Według ustnych przekazów najstarszych mieszkańców Uniszowic kapliczka na stawie została postawiona w 1812 roku po przemarszu wojsk napoleońskich na Rosję. Prawdopodobnie tu, gdzie dziś stoi kapliczka, w 1812 r. żołnierze Napoleona nad brzegiem stawu urządzili sobie obozowisko, a w stawie poili konie. Polacy wiązali z Napoleonem wielkie nadzieje niepodległościowe i zbudowali kapliczkę, prosząc Boga o pomyślność tej kampanii oraz wolną Polskę.
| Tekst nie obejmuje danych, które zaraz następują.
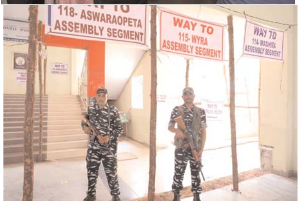
(మొదటి పేజీ తరువాయి) సిసి కెమెరాలు అంతరాయం లేకుండా పనిచేయుటకు చర్యలు చేపట్టినట్లు ఆయన అన్నారు. అభ్యర్థులు, అభ్యర్థుల ఏజెంట్లు వచ్చి
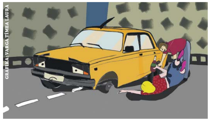
GRAFIKA: VARGA TÍMEA LAURA

A rendőrök előállították őket a kerületi kapitányságon, ahol mindkettőjüktől vér- és vizeletmintát vettek. Ezek eredményeit szakértők vizsgálják, és ez határozza meg a további intézkedést.
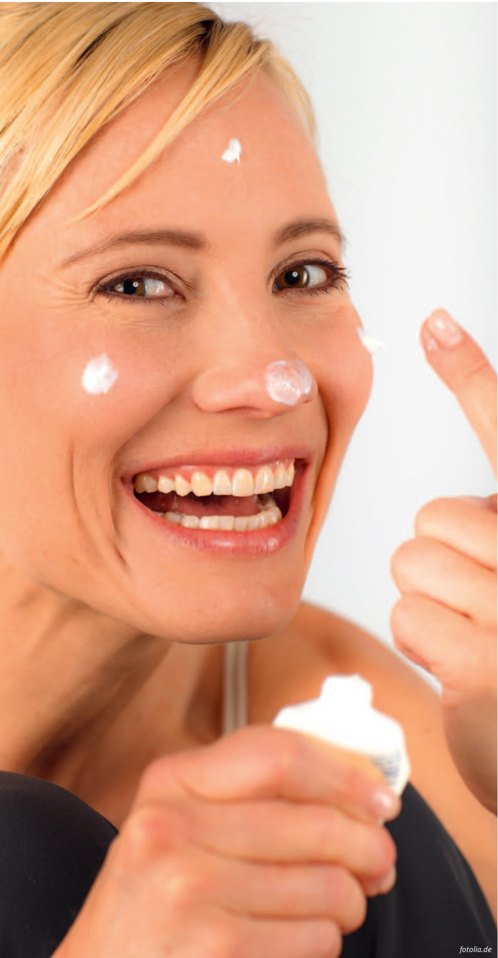
D’après son fabricant, l’OM24 convient parfaitement à la médication personnalisée.

Au niveau cellulaire et subcellulaire, OM24 inhibe les effets des radicaux libres. De deux manières: en neutralisant directement les fameux radicaux libres et en stimulant les mécanismes endogènes de défense contre les radicaux libres. Des expériences sur des mitochondries l’ont clairement démontré. La fonction de protection cellulaire a également été prouvée sur les cellules cutanées humaines: des expositions répétées à des rayonnements UV intensifs (80J/m 2 ), avec et sans traitement préalable avec OM24, ont montré qu’OM24 peut réduire la mortalité cellulaire liée aux UV. La protection peut même durer 24 heures. Par ailleurs, OM24 diminue les lésions de l’ADN provoquées par les rayons UV. La protection, au premier et second niveau, se base donc sur le fait que la substance stimule les mécanismes cellulaires de protection et de réparation tout en stabilisant les fonctions des organites.
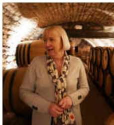
Beaune 2020 Domaine de la Vougeraie
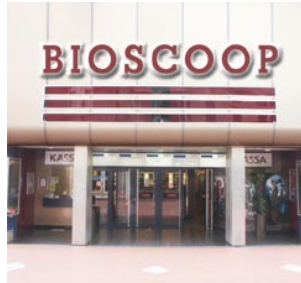
2 de bioscoop
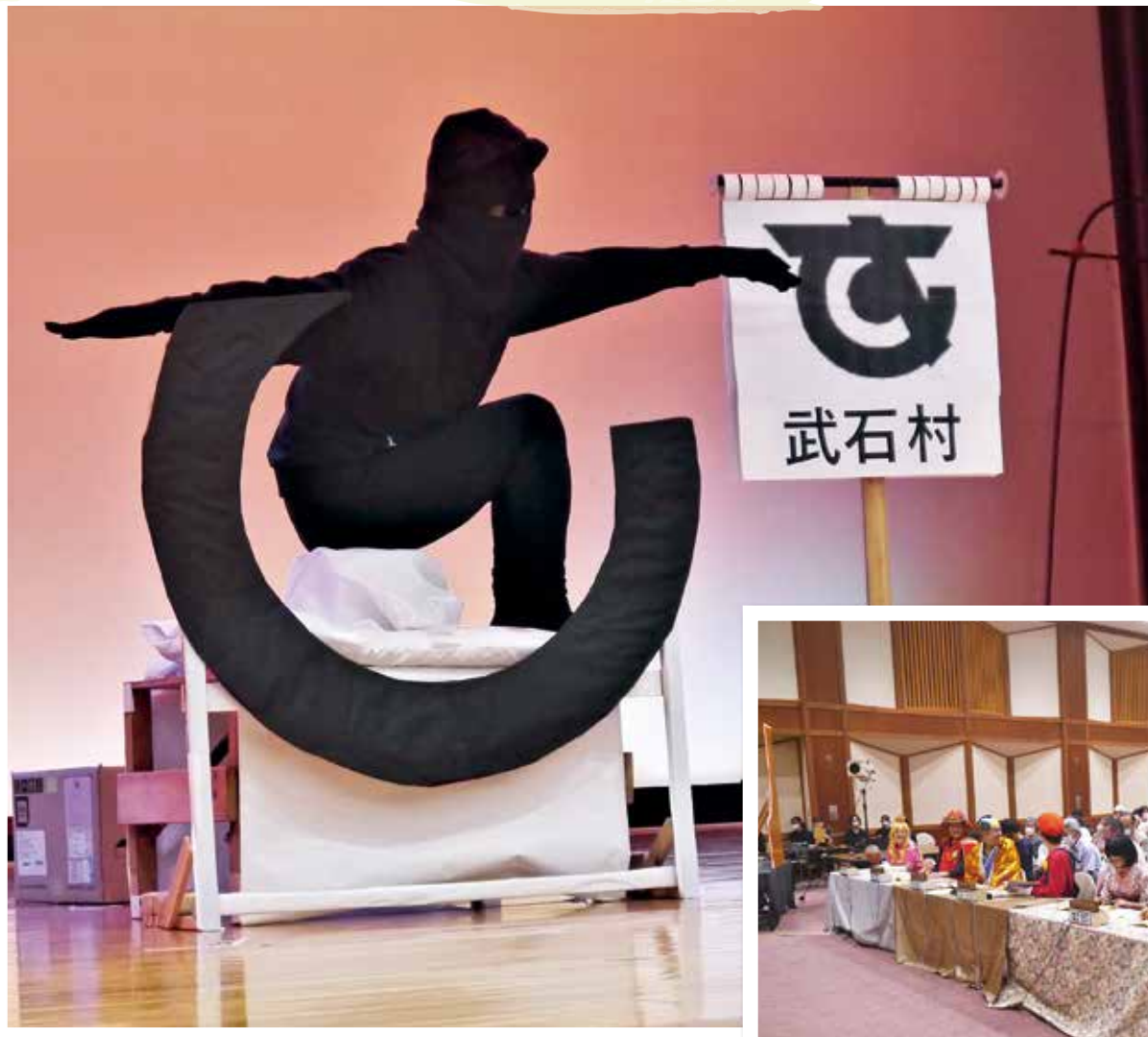
テーマ 市町村のマーク
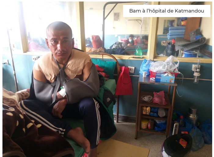
Bam à l'hôpital de Katmandou
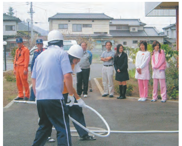
地域の方とともに防災訓練を行った「グループホーム甲西」(南アルプス市)
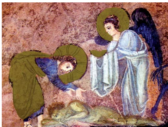
Christus als der barmherzige Samariter (Purpurkodex von Rossano, Syrien, 6. Jh.)
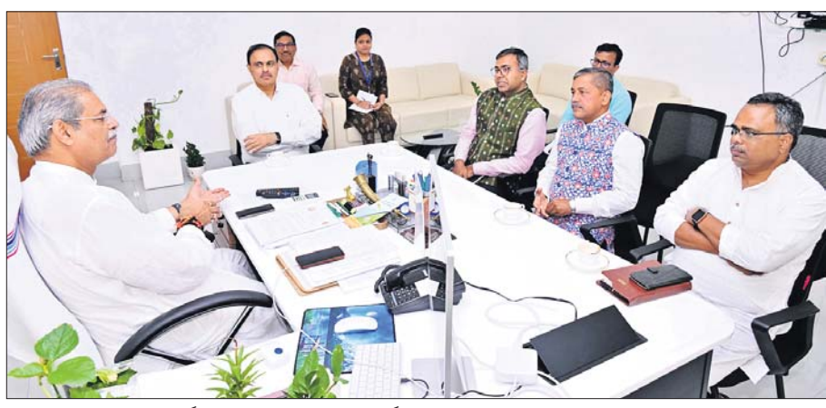
ଉପମୁଖ୍ୟମନ୍ତ୍ରୀ କନକ ବର୍ଦ୍ଧନ ସିଂଦେଓଙ୍କ ସହ ରାଜ୍ୟ ଅର୍ଥ କମିଶନ ଚେୟାରମ୍ୟାନ ଅରୁଣ କୁମାର ପଣ୍ଡାଙ୍କ ଆଲୋଚନା।

ଲୋକସେବା ଭବନରେ ଶନିବାର ଷଷ୍ଠ ରାଜ୍ୟ ଅର୍ଥ କମିଶନ ଚେୟାରମ୍ୟାନ ଅରୁଣ କୁମାର ପଣ୍ଡା ଓ ଅନ୍ୟ ସଦସ୍ୟମାନେ ଉପମୁଖ୍ୟମନ୍ତ୍ରୀ କନକ ବର୍ଦ୍ଧନ ସିଂଦେଓଙ୍କ ସହ ସୌଜନ୍ୟମୂଳକ ସାକ୍ଷାତ କରିଛନ୍ତି।
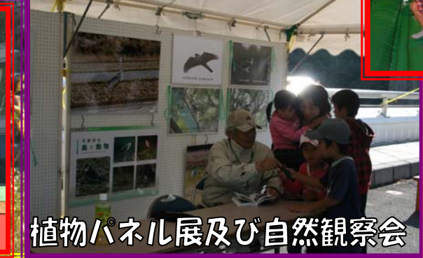
植物パネル展及び自然観察会
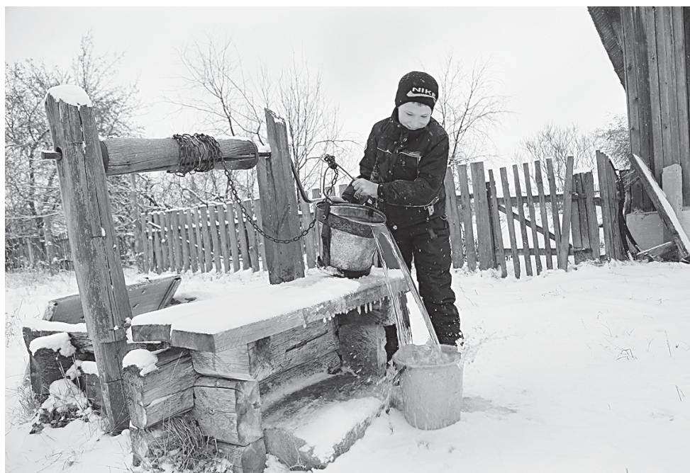
Принести воды из колодца – обычное для тиминских ребят занятие.

Удивительные люди жили когда-то в Тимино. Один из них – священник местного храма Леонид Смородинцев – оставил о себе крепкую память. Именно он построил два самых красивых здания в селе: земскую школу и банк. Да-
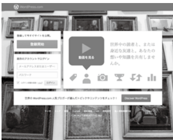
【図版】 wordpress.com.png 無料でWordPressのブログ が作れる「WordPress.com」 http://ja.wordpress.com/
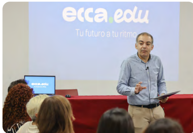
Presentación marca ecca.edu
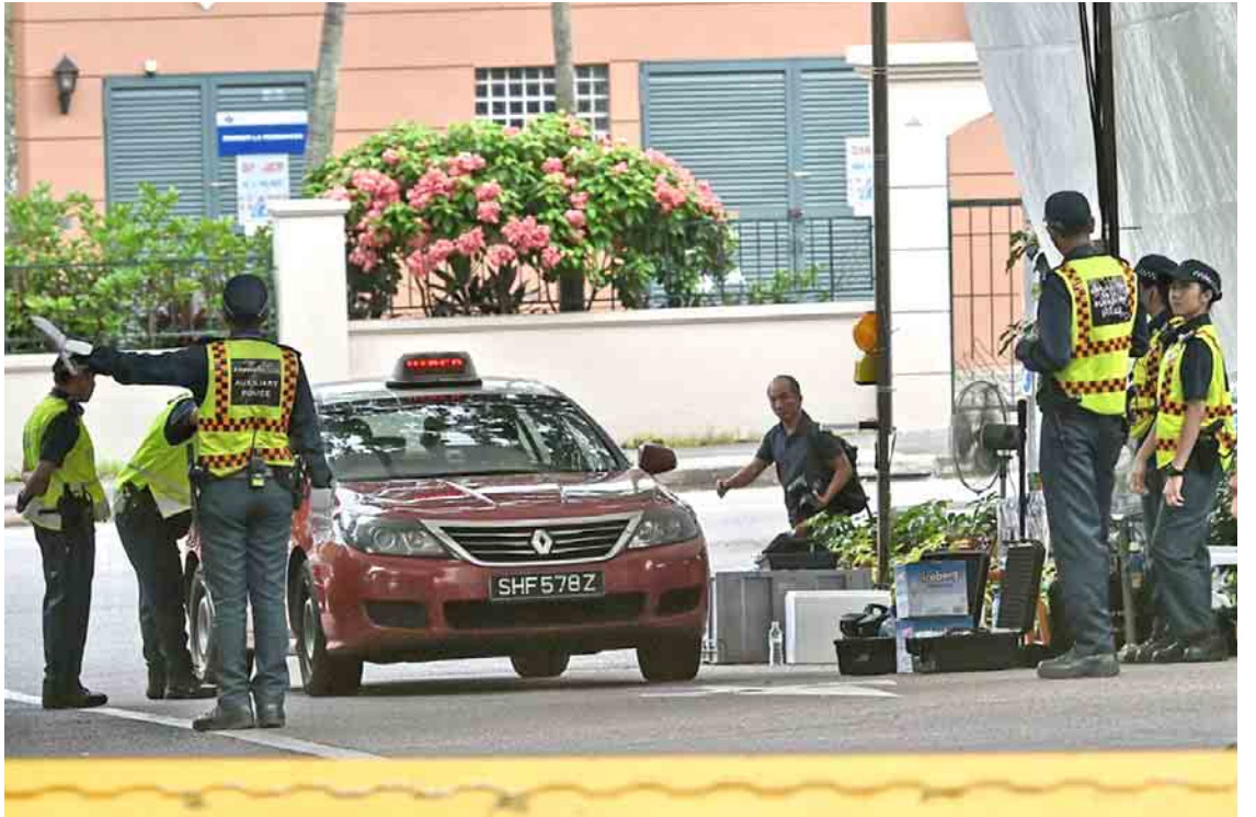
ထိပ်သီးအစည်းအဝေးမကျင်းပမီ စင်ကာပူ၌ လုံခြုံရေးတင်းကျပ်ထားစဉ်။
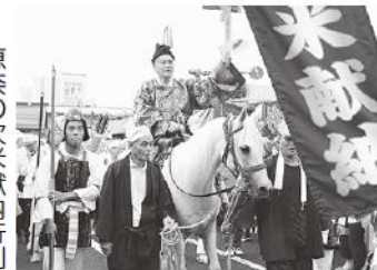
恵那の次米献納行列
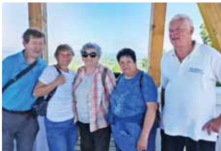
Kellemes kirándulás volt

Gyaloglócsapatunk tagjai szorgalmasan rótták a kilométereket Szadán és a környező településeken, jártak a Várdombon, az Álomhegyi-tónál és Mogyoródon. Utóbbinál
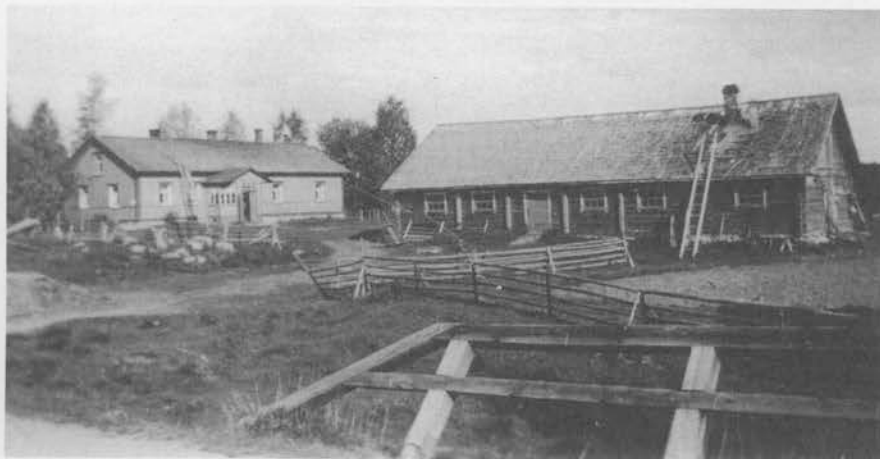
Hongan talo kuvattuna Hongan sillalta 1940-luvun alussa. Hongan kruununntila n:o 17 Temmeksellä on perustettu isojaon aikaan 1700-luvun lopulla ja se sijaitsee Meijerinmäen kohdalla Temmesjoen vastarannalla.

Lähde: Lauri Honka, Lapsuuteni joulusaarna, 1986.
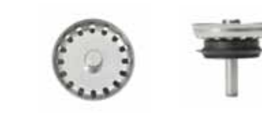
Silkorg med centrumpinne i rostfritt med centrerad kula.
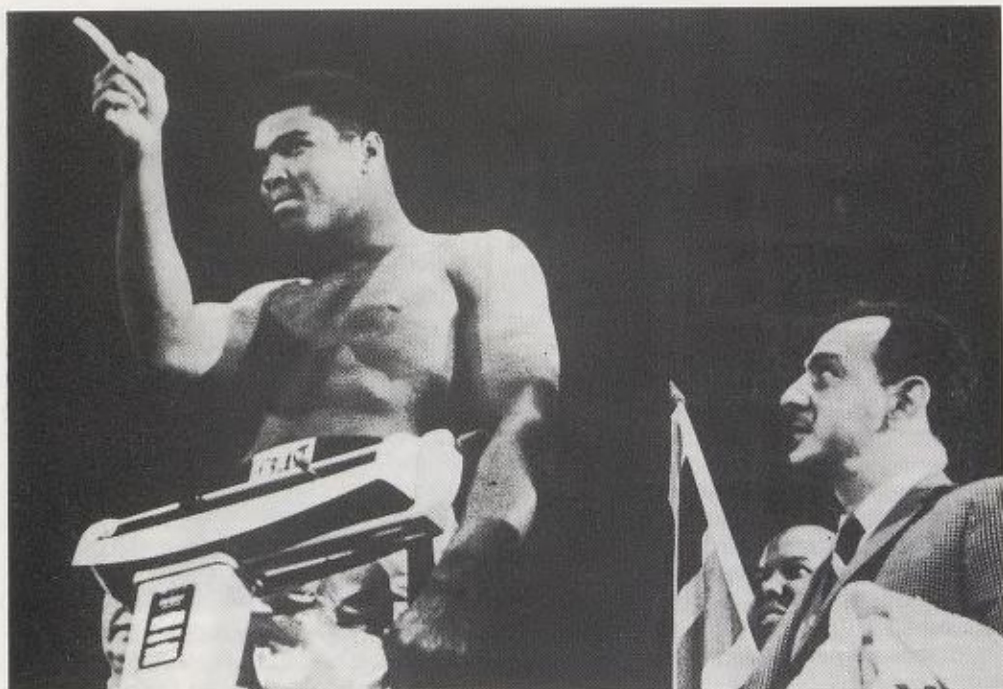
Jeg er størst, best og vakrest!

innenfor rekkevidde og derfor et incitament for noen, men kan være en flukt fra realitetene for andre.

Po wielu latach staw zarósł, zamulił się i kapliczka stała na lądzie. W maju śpiewano tam majówki.
W 1989 r. nowy właściciel działki pogłębił staw. Na środku stawu została utworzona mała wysepka z murowaną, okrągłą kapliczką i srebrnymi świerkami wokół. Do wysepki prowadził drewniany mostek. Było to miejsce niezwykle urokliwe, charakterystyczne dla Uniszowic.
Przez wiele lat wysepka była podmywana przez wodę. Najpierw zawalił się mostek, poprzewracały się rosnące tam drzewa, a w lutym 2015 r. postument kapliczki runął do wody. Na szczęście szklana gablota z Matką Boską została uratowana.
Dzięki staraniom Romana Rybackiego – sołtysa Uniszowic i radnego Rady Gminy Konopnica– udało się przekonać okolicznych mieszkańców do odbudowy kapliczki w historycznym miejscu. Kapliczka została odbudowana w miesiącach sierpień – wrzesień 2015 r., wyłącznie z pieniędzy pochodzących z ofiar mieszkańców Uniszowic i okolic. Liczył się każdy ofiarowany grosz. Wiele osób wykonywało nieodpłatnie różne prace, np. dużym przedsięwzięciem było utworzenie „żywego taśmociągu”, gdzie po prowizorycznym mostku kilkunastu mężczyzn podawało na wysepkę wiadra z betonem w celu zalania fundamentów pod kapliczkę.